EXERCISE BRIEF =>
Reproduce exactly the lines below, from the first one through the line containing "Na Blackiejevi silhueti", and omit any pictures.

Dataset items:
○ ○ ○ ○ ○ ○ ○

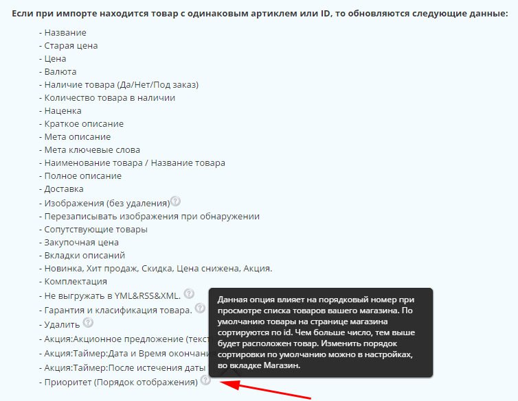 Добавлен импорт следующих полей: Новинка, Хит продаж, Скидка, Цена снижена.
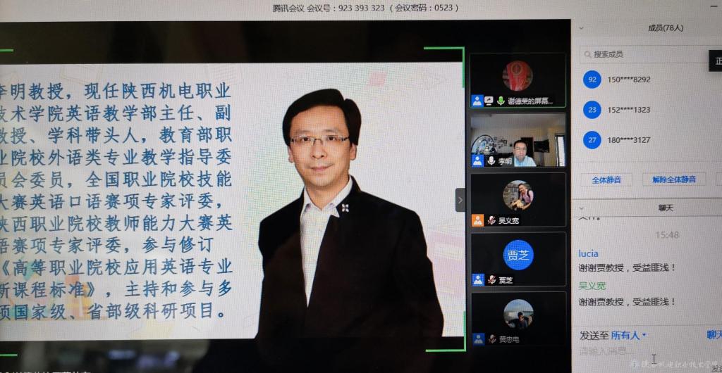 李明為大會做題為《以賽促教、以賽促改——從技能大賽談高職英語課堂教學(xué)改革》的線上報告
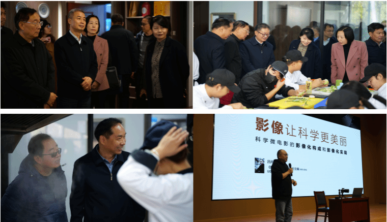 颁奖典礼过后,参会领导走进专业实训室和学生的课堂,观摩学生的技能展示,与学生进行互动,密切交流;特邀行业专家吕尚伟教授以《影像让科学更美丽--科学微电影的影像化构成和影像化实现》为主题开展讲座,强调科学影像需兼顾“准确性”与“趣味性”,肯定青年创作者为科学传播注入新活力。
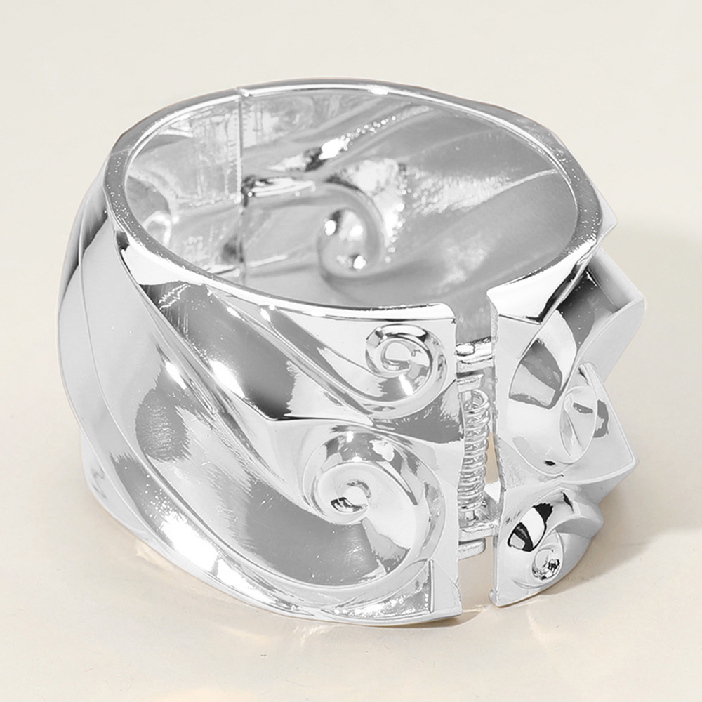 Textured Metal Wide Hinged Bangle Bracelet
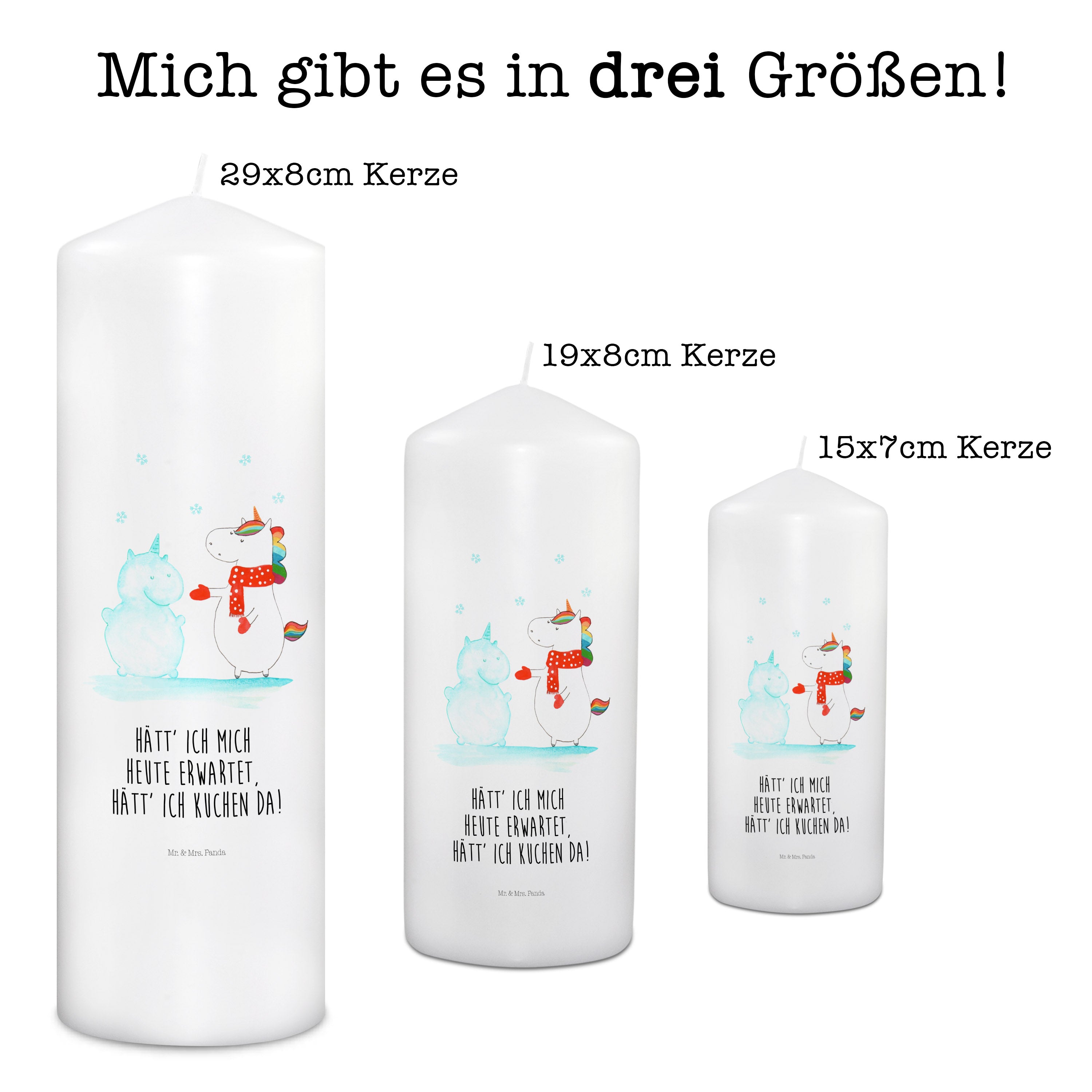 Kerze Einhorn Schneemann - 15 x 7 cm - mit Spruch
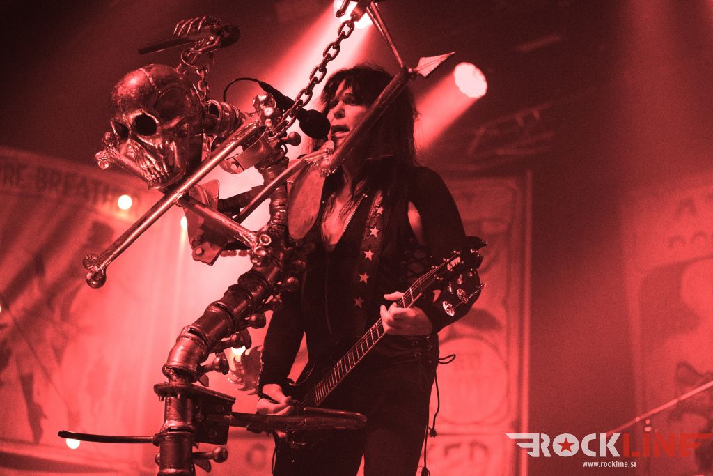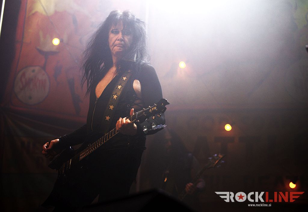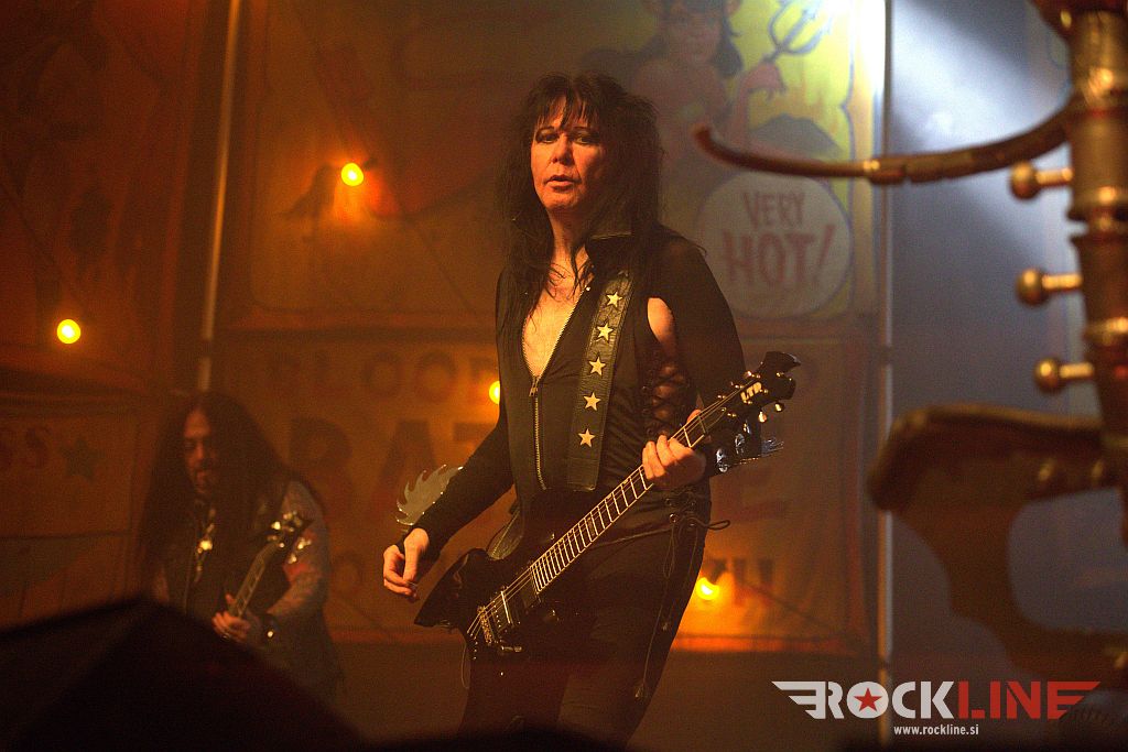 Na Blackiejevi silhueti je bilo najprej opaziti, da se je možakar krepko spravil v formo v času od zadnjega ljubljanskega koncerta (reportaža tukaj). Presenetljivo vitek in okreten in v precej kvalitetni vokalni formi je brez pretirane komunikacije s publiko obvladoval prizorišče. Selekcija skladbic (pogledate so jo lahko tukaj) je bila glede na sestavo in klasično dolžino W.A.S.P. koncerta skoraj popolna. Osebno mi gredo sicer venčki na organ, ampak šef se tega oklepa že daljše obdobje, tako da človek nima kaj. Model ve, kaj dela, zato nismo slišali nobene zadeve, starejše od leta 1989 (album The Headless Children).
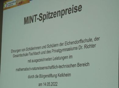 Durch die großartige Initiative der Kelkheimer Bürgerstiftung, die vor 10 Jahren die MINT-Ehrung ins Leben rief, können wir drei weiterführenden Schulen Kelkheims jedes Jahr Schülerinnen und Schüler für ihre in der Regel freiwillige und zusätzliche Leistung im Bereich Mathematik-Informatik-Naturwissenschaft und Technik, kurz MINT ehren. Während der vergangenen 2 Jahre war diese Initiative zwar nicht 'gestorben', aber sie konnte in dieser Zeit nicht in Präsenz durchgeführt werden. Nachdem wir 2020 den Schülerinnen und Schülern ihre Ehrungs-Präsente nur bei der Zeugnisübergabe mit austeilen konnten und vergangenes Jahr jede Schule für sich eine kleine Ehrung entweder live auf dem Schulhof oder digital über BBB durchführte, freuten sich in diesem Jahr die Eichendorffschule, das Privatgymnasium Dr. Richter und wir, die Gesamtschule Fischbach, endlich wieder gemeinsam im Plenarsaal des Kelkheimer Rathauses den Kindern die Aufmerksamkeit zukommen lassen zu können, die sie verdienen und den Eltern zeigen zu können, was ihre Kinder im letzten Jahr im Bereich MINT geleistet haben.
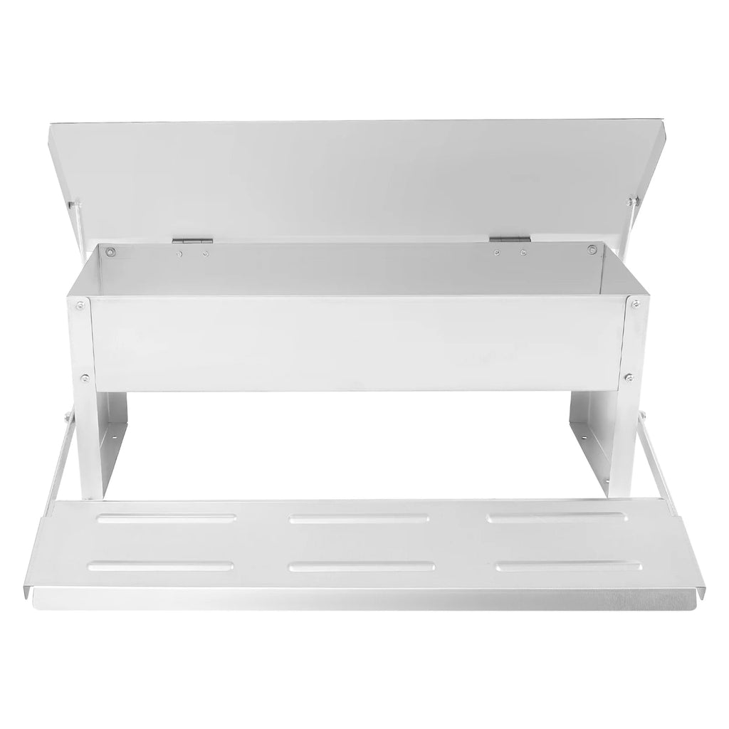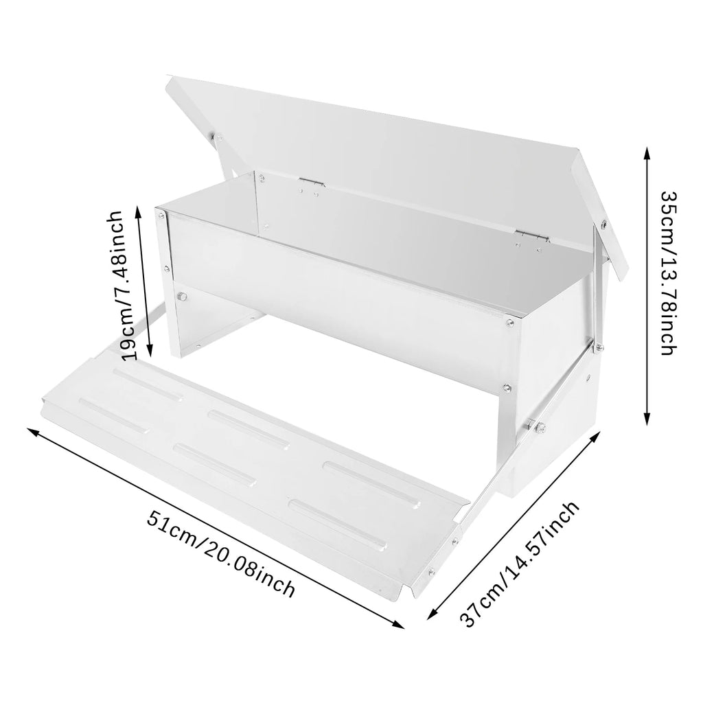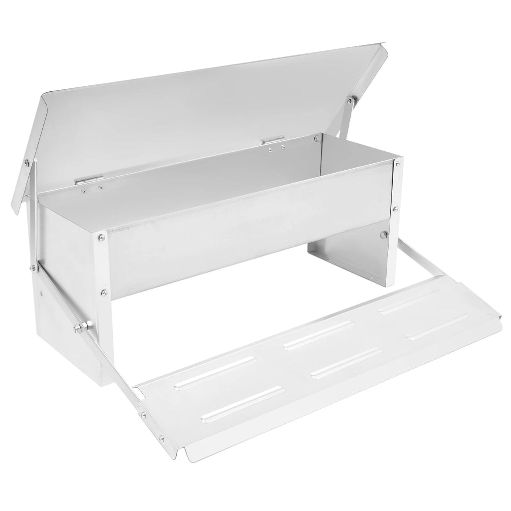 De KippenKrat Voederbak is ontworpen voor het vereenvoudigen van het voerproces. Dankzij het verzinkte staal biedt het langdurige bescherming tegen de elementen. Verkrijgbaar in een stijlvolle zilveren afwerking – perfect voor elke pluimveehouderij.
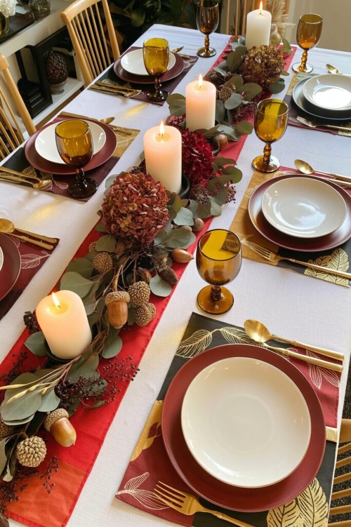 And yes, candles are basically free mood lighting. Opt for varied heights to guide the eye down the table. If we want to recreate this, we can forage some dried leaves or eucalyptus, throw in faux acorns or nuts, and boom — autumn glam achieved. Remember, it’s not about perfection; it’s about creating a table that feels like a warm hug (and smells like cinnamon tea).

○ ○ ○ ○ ○ ○ ○

PROBLEM SOLUTION =>
 Добавлен импорт следующих полей: Новинка, Хит продаж, Скидка, Цена снижена.
 李明為大會做題為《以賽促教、以賽促改——從技能大賽談高職英語課堂教學(xué)改革》的線上報告
 颁奖典礼过后,参会领导走进专业实训室和学生的课堂,观摩学生的技能展示,与学生进行互动,密切交流;特邀行业专家吕尚伟教授以《影像让科学更美丽--科学微电影的影像化构成和影像化实现》为主题开展讲座,强调科学影像需兼顾“准确性”与“趣味性”,肯定青年创作者为科学传播注入新活力。
 Textured Metal Wide Hinged Bangle Bracelet
 Kerze Einhorn Schneemann - 15 x 7 cm - mit Spruch
 Na Blackiejevi silhueti je bilo najprej opaziti, da se je možakar krepko spravil v formo v času od zadnjega ljubljanskega koncerta (reportaža tukaj). Presenetljivo vitek in okreten in v precej kvalitetni vokalni formi je brez pretirane komunikacije s publiko obvladoval prizorišče. Selekcija skladbic (pogledate so jo lahko tukaj) je bila glede na sestavo in klasično dolžino W.A.S.P. koncerta skoraj popolna. Osebno mi gredo sicer venčki na organ, ampak šef se tega oklepa že daljše obdobje, tako da človek nima kaj. Model ve, kaj dela, zato nismo slišali nobene zadeve, starejše od leta 1989 (album The Headless Children).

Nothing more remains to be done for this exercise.